Truth from uncertainty: using AI’s internal signals to spot hallucinations

Thursday, December 04, 2025
Somebody checks the generated text on a computer screen

When language models aren’t sure what to say, they have the tendency to make things up. This is a problem. But what makes it even worse is that models sound confident when they fabricate information, making it difficult for users to spot these hallucinations.

Researchers have developed different methods to address hallucination, which include referring to external knowledge sources or cross-checking model outputs with other systems. But current approaches have limitations and can be computationally expensive.

A team of researchers from MBZUAI and other institutions has taken a different approach that holds the potential to make hallucination identification more accurate and efficient.

Their framework is grounded in the idea that language models inherently encode signals about the confidence of generated answers in their internal states and this “self-knowledge” can be effectively extracted to identify hallucinations. It’s based on a concept known as uncertainty quantification.

The researchers built and trained what they called uncertainty quantification heads (UQ heads). These are small, efficient modules that can probe internal states of a language model and provide credibility estimates for generated text fragments, marking potential hallucinations. These modules don’t alter the model’s generation process; they rely solely on model’s internal signals and require no external knowledge. They can also be used in a fully plug-and-play manner.

The team found that UQ heads achieved state-of-the-art performance in claim-level hallucination detection and they worked well on both in-domain and out-of-domain prompts. They even generalized to languages the models were not trained on.
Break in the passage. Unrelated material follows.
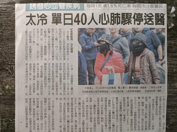天氣太冷單日40人心肺驟停送醫(115.01.12)

The team’s findings were recently presented at the 2025 Conference on Empirical Methods in Natural Language Processing (EMNLP 2025) held in Suzhou, China.

The authors of the study are Artem Shelmanov, Ekaterina Fadeeva, Akim Tsvigun, Ivan Tsvigun, Zhouhan Xie, Igor Kiselev, Nico Daheim, Caiqi Zhang, Artem Vazhentsev, Mrinmaya Sachan, Preslav Nakov, and Timothy Baldwin.

From patterns in attention to hallucination detection

UQ heads leverage two key sources of information from language models: attention maps and logits.

Attention maps show where a model is “looking” when generating each word, whether it’s focused on the prompt or on its own output. Paying too much attention to the output can be a hallmark of hallucination.

Logits are values that relate to how confident a model is in its word choices. When the difference between the highest value and the next highest is large, the model is confident. When the difference is small, a model is less confident and may be hallucinating.

Shelmanov, a senior research scientist at MBZUAI and lead-author of the study, says that he and his colleagues had worked on this problem for a couple of years and noticed that attention weights and logits provided a strong signal for hallucination detection. “Our intuition was that attention-based signals could generalize better than those derived from hidden states,” he says. “When using hidden states, a hallucination detector tends to memorize which topics it handles well and which it doesn’t, instead of learning a truly generalizable notion of confidence.”

Another element that makes their solution strong compared to other methods is that their modules are built on the transformer architecture. “We chose the transformer because of its expressive power, flexibility, and proven generality across a wide range of natural language processing tasks,” Shelmanov says.

They trained the modules with an automatic pipeline that uses another language model that acts as a “judge” to generate annotated training data. In this setup, a language model — or several of them — are used to annotate text to identify hallucinations with high precision, Shelmanov explains. The uncertainty quantification head is then trained on this annotated data to predict hallucinations based on the internal representations of the attention weights and logits of the target language model.

The automatic pipeline is a cost-effective way to build large datasets produced by a variety of language models that can be annotated with claim-level hallucinations, the researchers explain.

Strong performance across domains and languages

The team’s approach demonstrated significant improvements over others.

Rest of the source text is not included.